Folksy oilman T. Boone Pickens has taken to the television and radio airwaves with a $58 million campaign to publicize his plan for energy independence. Though he’s suffered setbacks, his proposal involves building windmills in Texas to generate electricity. Natural gas that had been used previously for electric generation would then be used to fuel motor vehicles, allowing us to “break the stranglehold of foreign oil.”
Pickens’s commercials no doubt cause Freeman readers apprehension. The word “plan” alone rightly provokes worries of coercive schemes.
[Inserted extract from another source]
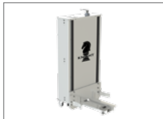
Portable Cart Lifts

Dunnage Racks are custom designed to store and transfer parts. Every rack is custom designed to your application. Multiple options and sizes are available.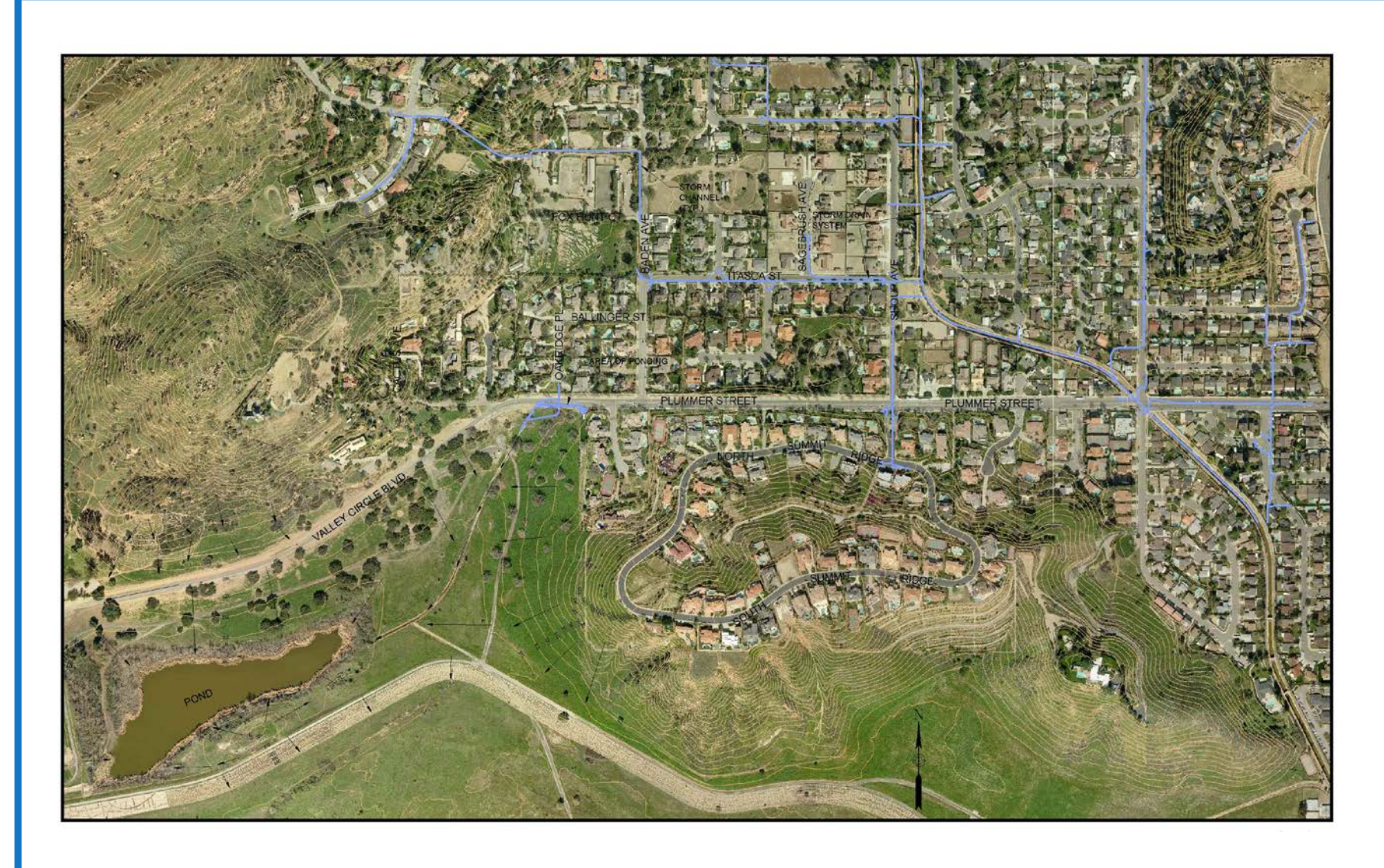
Map of Storm Drains and Runoff

And in concocting such a plan, Pickens reveals himself to be what Adam Smith called a “man of system [who] seems to imagine that he can arrange the different members of a great society with as much ease as the hand arranges the different pieces upon a chess-board.” The notion of being independent of energy or any other commodity from foreign countries goes against the teachings of Smith, Bastiat, and others who recognize the gains from specialization and division of labor. Nor will readers knowledgeable about rent-seeking, or political entrepreneurship, be surprised that media reports describe Pickens as “heavily invested in natural gas and wind power.” And when he states in his commercials that “this plan will work but it needs your help,” readers familiar with Public Choice economics rightly suspect that the sort of help Pickens has in mind is tax dollars.
Although all these cautions are appropriate, ignore for the moment any self-interested motives and take Pickens at face value when he proclaims,“I’m 80 years old and have $4 billion. I don’t need any more money.” Instead, focus on the stated objective of his plan—stopping the “the largest transfer of wealth in the history of mankind.” As with so many things, it just ain’t so!
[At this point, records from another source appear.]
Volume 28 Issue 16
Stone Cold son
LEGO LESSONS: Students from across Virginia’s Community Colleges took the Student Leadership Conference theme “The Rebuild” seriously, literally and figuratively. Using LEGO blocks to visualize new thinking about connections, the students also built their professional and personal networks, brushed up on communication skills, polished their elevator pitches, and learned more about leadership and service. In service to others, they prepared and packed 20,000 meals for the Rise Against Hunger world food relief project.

Here’s why. The $700 billion that Americans spend annually to purchase oil from other countries (according to Pickens) is a price not a transfer. A true transfer— unemployment benefits or a taxpayer subsidy to a failing company—is a payment made to someone who provides no good or service in exchange. By nature transfers are zero-sum. One person “gives” through coercive taxation; the other person receives. (Of course, if one throws a few bureaucrats into the mix, the transfer recipients might receive less than the amount taken from the taxpayers.) Ironically, it is Pickens, not oil-exporting countries, who has received transfers in the form of taxpayer subsidies for so-called renewable electricity generation. And that bit about needing your help—Pickens wants the largess to continue.
By contrast, when one makes a purchase, the money one pays is the price of the good, one side of a mutually beneficial voluntary exchange. Each party to the transaction trades away something in return for something else he or she values more highly. If I spend $2 for a cup of coffee, I’ve made a purchase not a transfer. I get the coffee, which I value more than anything else I could have bought for the $2, and the coffee shop gets the $2, which it values more than the coffee. Readers familiar with John Stossel’s television special about greed will recall him illustrating this point by purchasing a container of milk. Both he and the store clerk said,“Thank you.”
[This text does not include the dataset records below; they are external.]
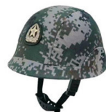
Military camouflage riot helmets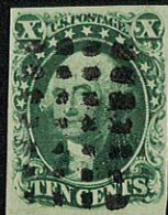
Grid of 4 x 7 squares, Alexandria, VA, PFC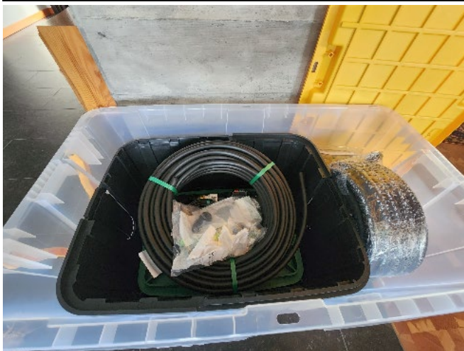
La Conner School Rain Garden Irrigation Kit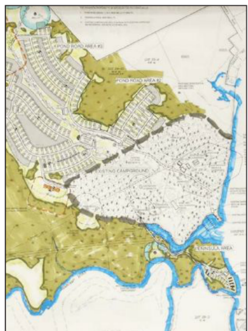
This map of the proposed Westward Shores campground project was discussed at the Ossipee Planning Board on Tuesday. At lower right is the peninsula in question.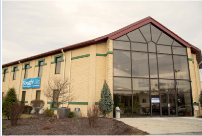
Altoona Campus Spring Open House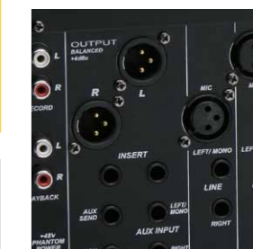
All connectors are on the rear panel out of the way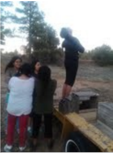
Girls do 'faith falls' and climb wall on obstacle course on campus

For the $700 billion we send to oil exporters, we get something in return—oil. Our receipt of millions of barrels of oil in exchange for that money is hardly a transfer. We receive a versatile commodity that can be used for everything from making plastics to fueling family vacations. The exporters receive the $700 billion that they can then use to purchase other goods and services.
It is true that when oil was $140 per barrel, we were paying more than we had paid just a few years ago. We certainly are glad that oil is less expensive now. But the case I’m making would hold even if the price went back up. Higher prices would mean that the purchasers of oil or oil derivatives would experience a smaller differnce between their subjective value and the price they pay. If I valued a gallon of gas at $5 (that is, if I were willing to pay up to $5 for it), my net gain from purchasing it would be greater when I paid $2 than when the price was $4. It’s also true that people would find some purchases they might have considered beneficial when oil was, say, $35 per barrel no longer beneficial at $140. Consequently, almost as if guided by an invisible hand, people would reduce their oil consumption by driving less, buying more fuel-efficient vehicles, taking alternative forms of transportation, and so on. Yet none of these truths makes the purchase of foreign oil a transfer.
It is true that much of our imported oil comes from countries with odious regimes. Indeed, it’s difficult to think of countries more antithetical to classical-liberal ideals than Venzuela or Saudi Arabia. It’s also true that exchange with nasty regimes benefits them as it does us. This does not, however, imply that we should boycott them. Since oil is traded on the world market, a boycott— at least if unilateral—would not harm the intended targets. Although it might be nice if our oiltrading partners were nice folks in countries with greater respect for individual rights (the Swiss perhaps), the fact that they are unpleasant still doesn’t make purchasing imported oil a transfer.
If the price of oil again skyrockets, it will present a significant challenge to consumers and producers. There is no need to make their task more difficult with muddled thinking that confuses mutually beneficial exchanges with wealth transfers. T. Boone Pickens has been a businessman all his adult life. He should know better. If he’s putting his quest for taxpayer subsidies ahead of the truth, he is doing the American people a grave disservice.